Exercise: The data below should be copied out exactly, with its pictures omitted.

Dataset section:

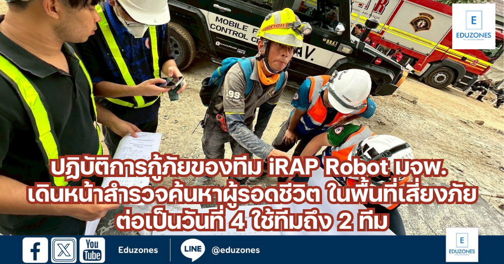EZ Webmaster March 31, 2025 EZ Webmaster March 31, 2025 ปฏิบัติการกู้ภัยของทีม iRAP Robot มจพ. เดินหน้าสำรวจค้นหาผู้รอดชีวิต ในพื้นที่เสี่ยงภัยต่อเป็นวันที่ 4 ใช้ทีมถึง 2 ทีม ทีมหุ่นยนต์กู้ภัย “iRAP Robot” มหาวิทยาลัยเทคโนโลยีพระจอมเกล้าพระนครเหนือ (มจพ.) ลงพื้นที่ช่วยเหลือผู้ประสบภัยฯ ตึกสำนักงานการตรวจเงินแผ่นดิน (สตง.) ถล่ม จากเหตุแผ่นดินไหว พร้อมเดินหน้าสำรวจค้นหาผู้รอดชีวิตในพื้นที่เสี่ยงภัยต่อ นับจากวันที่ 28-31 มีนาคม 2568 วันนี้เป็นวันที่ 4 แล้ว โดยทีมหุ่นยนต์กู้ภัย “iRAP Robot” มจพ. มีผู้ประสานงานหลักทีมหุ่นยนต์กู้ภัย คือ นายพัฒนเดช ศรีอนันต์ ชื่อเล่น “แพท” หรือ โก๋แพท เป็นนักศึกษาสาขาวิชาเทคโนโลยีวิศวกรรมแมคคาทรอนิกส์ วิทยาลัยเทคโนโลยีอุตสาหกรรม มหาวิทยาลัยเทคโนโลยีพระจอมเกล้าพระนครเหนือ (มจพ.) แจ้งความคืบหน้าตลอดบนเฟซบุ๊ก https://www.facebook.com/iraprobot ทีมหุ่นยนต์กู้ภัย “iRAP Robot” รายงานสถานการณ์ถึงปฏิบัติการกู้ภัยของทีม iRAP Robot (KMUTNB) ที่เตรียมความพร้อมและได้เริ่มต้นภารกิจกู้ภัย โดยร่วมมือกับทีมกู้ภัยหน่วยต่างๆ เพื่อช่วยเหลือผู้ประสบภัย ด้วยการใช้เทคโนโลยีหุ่นยนต์ที่พัฒนาโดยทีม iRAP Robot (KMUTNB) ในการสร้างแผนที่และสำรวจพื้นที่ที่มีความเสี่ยงสูง ซึ่งมนุษย์ไม่สามารถเข้าถึงได้หรือมีอันตราย นำหุ่นยนต์กู้ภัย 2 -3 ตัว ในแต่ละวันจัดสรรไม่เหมือนกันตามภารกิจทั้งติดตั้งเซ็นเซอร์ LiDAR, กล้องตรวจจับความร้อน, แขนกลหยิบจับ, เซ็นเซอร์วัดออกซิเจน และระบบสร้างแผนที่ 3D รวมถึงหุ่นยนต์กู้ภัยขนาดเล็กที่มีความสามารถคล้ายกันในการสำรวจและสร้างแผนที่ 3D ได้ นอกจากนี้ ทีมยังได้ทดสอบระบบการสื่อสารและการควบคุมระยะไกล เพื่อให้มั่นใจว่าหุ่นยนต์จะสามารถทำงานได้อย่างมีประสิทธิภาพ รวมทั้งยังมีโดรน DJI Matrice 350RTK จำนวน 2 ลำ สำหรับสำรวจทางอากาศ ซึ่ง มจพ. ได้จัดทีมหุ่นยนต์กู้ภัย “iRAP Robot” (KMUTNB) สนับสนุนในการปฎิบัติหน้าที่ครั้งนี้อย่างเต็มความสามารถ การปฏิบัติงานภาคสนาม ทีม iRAP Robot (KMUTNB) ได้ดำเนินการสำรวจพื้นที่ชั้นใต้ดินของตึกที่ถล่มร่วมกับทีมกู้ภัย USAR ในเขตพื้นที่ที่มีความเสี่ยงสูงและอันตรายต่อผู้ปฏิบัติงาน จึงได้ส่งหุ่นยนต์ลงไปสำรวจและสร้างแผนที่ 3D ในรอบแรก ขณะนี้กำลังดำเนินการวิเคราะห์ข้อมูลแผนที่ 3D ที่ได้จากการใช้หุ่นยนต์สแกนข้อมูลสภาพแวดล้อม เพื่อใช้ประกอบการตัดสินใจของเจ้าหน้าที่กู้ภัย ทีมหุ่นยนต์กู้ภัย iRAP Robot (KMUTNB) รายงานสถานการณ์ ปฏิบัติการกู้ภัยของทีม iRAP Robot (KMUTNB) ได้สรุปข้อมูลทั้งหมดเพื่อส่งต่อให้กับทีมเจ้าหน้าที่หน่วยกู้ภัย โดยได้รับความช่วยเหลือจากทางประเทศอิสราเอล โดยการสั่งการจากนายกรัฐมนตรีประเท
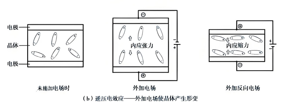 当对压电陶瓷施加外电场时,其内部电偶极矩重新排列,导致材料发生机械形变(伸长、缩短或弯曲)。
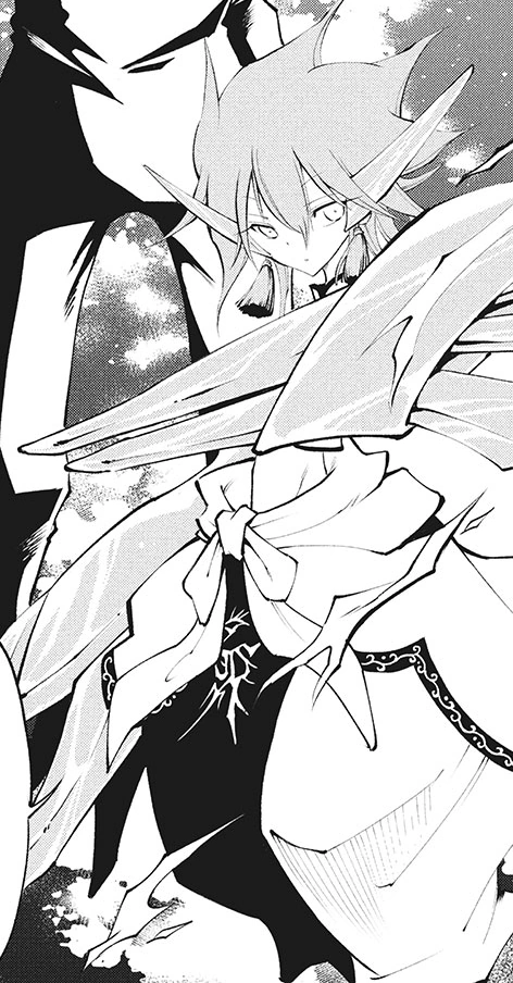 Ju-Che is one of the Four Holy Beasts, a group of Kami-class spirits belonging to the Dong Family.[1] Dong Suhon created mechanical child-like bodies for the Four Holy Beasts,[2] and Dehon operates Ju-Che through a small bell with a carving that corresponds to the spirit's animal, a pheasant.[1] Unbeknownst to Dehon, Ju-Che's spirit is actually sealed within himself, not the robot.[3]
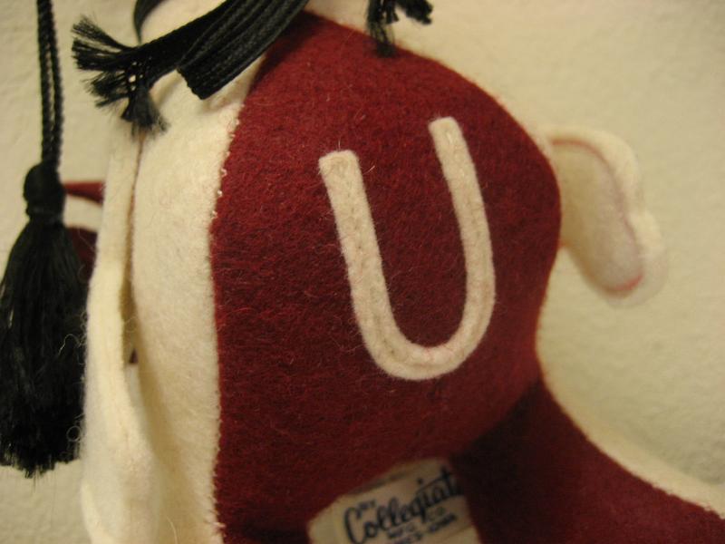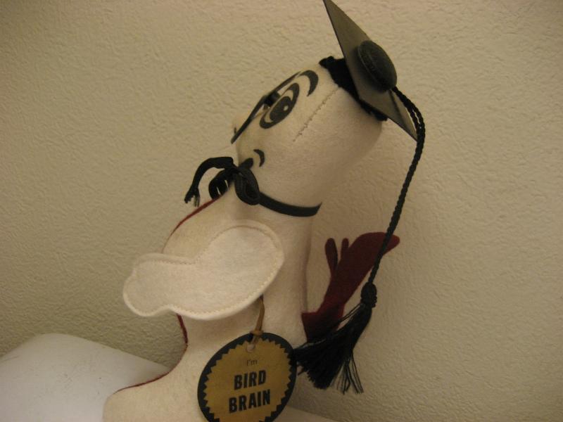 | ビンテージカレッジマスコットドール / 40−50年代 Collegiate Mfg. USA 当時、アメリカの大学やハイスクール、クラブチームなどのマスコットキャラクターとして作られていたぬいぐるみ。カレッジイニシャルはフェルトパッチで "U "、ウールフェルトで作られたバードドール。昔のカレッジハットをかぶりメガネをかけた顔がとてもスマートそう! ペーパータグ付き。上記写真Collegiate Mfgのカタログにも掲載されているタイプ。レアです!

Result of this exercise:
EZ Webmaster March 31, 2025 EZ Webmaster March 31, 2025 ปฏิบัติการกู้ภัยของทีม iRAP Robot มจพ. เดินหน้าสำรวจค้นหาผู้รอดชีวิต ในพื้นที่เสี่ยงภัยต่อเป็นวันที่ 4 ใช้ทีมถึง 2 ทีม ทีมหุ่นยนต์กู้ภัย “iRAP Robot” มหาวิทยาลัยเทคโนโลยีพระจอมเกล้าพระนครเหนือ (มจพ.) ลงพื้นที่ช่วยเหลือผู้ประสบภัยฯ ตึกสำนักงานการตรวจเงินแผ่นดิน (สตง.) ถล่ม จากเหตุแผ่นดินไหว พร้อมเดินหน้าสำรวจค้นหาผู้รอดชีวิตในพื้นที่เสี่ยงภัยต่อ นับจากวันที่ 28-31 มีนาคม 2568 วันนี้เป็นวันที่ 4 แล้ว โดยทีมหุ่นยนต์กู้ภัย “iRAP Robot” มจพ. มีผู้ประสานงานหลักทีมหุ่นยนต์กู้ภัย คือ นายพัฒนเดช ศรีอนันต์ ชื่อเล่น “แพท” หรือ โก๋แพท เป็นนักศึกษาสาขาวิชาเทคโนโลยีวิศวกรรมแมคคาทรอนิกส์ วิทยาลัยเทคโนโลยีอุตสาหกรรม มหาวิทยาลัยเทคโนโลยีพระจอมเกล้าพระนครเหนือ (มจพ.) แจ้งความคืบหน้าตลอดบนเฟซบุ๊ก https://www.facebook.com/iraprobot ทีมหุ่นยนต์กู้ภัย “iRAP Robot” รายงานสถานการณ์ถึงปฏิบัติการกู้ภัยของทีม iRAP Robot (KMUTNB) ที่เตรียมความพร้อมและได้เริ่มต้นภารกิจกู้ภัย โดยร่วมมือกับทีมกู้ภัยหน่วยต่างๆ เพื่อช่วยเหลือผู้ประสบภัย ด้วยการใช้เทคโนโลยีหุ่นยนต์ที่พัฒนาโดยทีม iRAP Robot (KMUTNB) ในการสร้างแผนที่และสำรวจพื้นที่ที่มีความเสี่ยงสูง ซึ่งมนุษย์ไม่สามารถเข้าถึงได้หรือมีอันตราย นำหุ่นยนต์กู้ภัย 2 -3 ตัว ในแต่ละวันจัดสรรไม่เหมือนกันตามภารกิจทั้งติดตั้งเซ็นเซอร์ LiDAR, กล้องตรวจจับความร้อน, แขนกลหยิบจับ, เซ็นเซอร์วัดออกซิเจน และระบบสร้างแผนที่ 3D รวมถึงหุ่นยนต์กู้ภัยขนาดเล็กที่มีความสามารถคล้ายกันในการสำรวจและสร้างแผนที่ 3D ได้ นอกจากนี้ ทีมยังได้ทดสอบระบบการสื่อสารและการควบคุมระยะไกล เพื่อให้มั่นใจว่าหุ่นยนต์จะสามารถทำงานได้อย่างมีประสิทธิภาพ รวมทั้งยังมีโดรน DJI Matrice 350RTK จำนวน 2 ลำ สำหรับสำรวจทางอากาศ ซึ่ง มจพ. ได้จัดทีมหุ่นยนต์กู้ภัย “iRAP Robot” (KMUTNB) สนับสนุนในการปฎิบัติหน้าที่ครั้งนี้อย่างเต็มความสามารถ การปฏิบัติงานภาคสนาม ทีม iRAP Robot (KMUTNB) ได้ดำเนินการสำรวจพื้นที่ชั้นใต้ดินของตึกที่ถล่มร่วมกับทีมกู้ภัย USAR ในเขตพื้นที่ที่มีความเสี่ยงสูงและอันตรายต่อผู้ปฏิบัติงาน จึงได้ส่งหุ่นยนต์ลงไปสำรวจและสร้างแผนที่ 3D ในรอบแรก ขณะนี้กำลังดำเนินการวิเคราะห์ข้อมูลแผนที่ 3D ที่ได้จากการใช้หุ่นยนต์สแกนข้อมูลสภาพแวดล้อม เพื่อใช้ประกอบการตัดสินใจของเจ้าหน้าที่กู้ภัย ทีมหุ่นยนต์กู้ภัย iRAP Robot (KMUTNB) รายงานสถานการณ์ ปฏิบัติการกู้ภัยของทีม iRAP Robot (KMUTNB) ได้สรุปข้อมูลทั้งหมดเพื่อส่งต่อให้กับทีมเจ้าหน้าที่หน่วยกู้ภัย โดยได้รับความช่วยเหลือจากทางประเทศอิสราเอล โดยการสั่งการจากนายกรัฐมนตรีประเท
 当对压电陶瓷施加外电场时,其内部电偶极矩重新排列,导致材料发生机械形变(伸长、缩短或弯曲)。
 Ju-Che is one of the Four Holy Beasts, a group of Kami-class spirits belonging to the Dong Family.[1] Dong Suhon created mechanical child-like bodies for the Four Holy Beasts,[2] and Dehon operates Ju-Che through a small bell with a carving that corresponds to the spirit's animal, a pheasant.[1] Unbeknownst to Dehon, Ju-Che's spirit is actually sealed within himself, not the robot.[3]
 | ビンテージカレッジマスコットドール / 40−50年代 Collegiate Mfg. USA 当時、アメリカの大学やハイスクール、クラブチームなどのマスコットキャラクターとして作られていたぬいぐるみ。カレッジイニシャルはフェルトパッチで "U "、ウールフェルトで作られたバードドール。昔のカレッジハットをかぶりメガネをかけた顔がとてもスマートそう! ペーパータグ付き。上記写真Collegiate Mfgのカタログにも掲載されているタイプ。レアです!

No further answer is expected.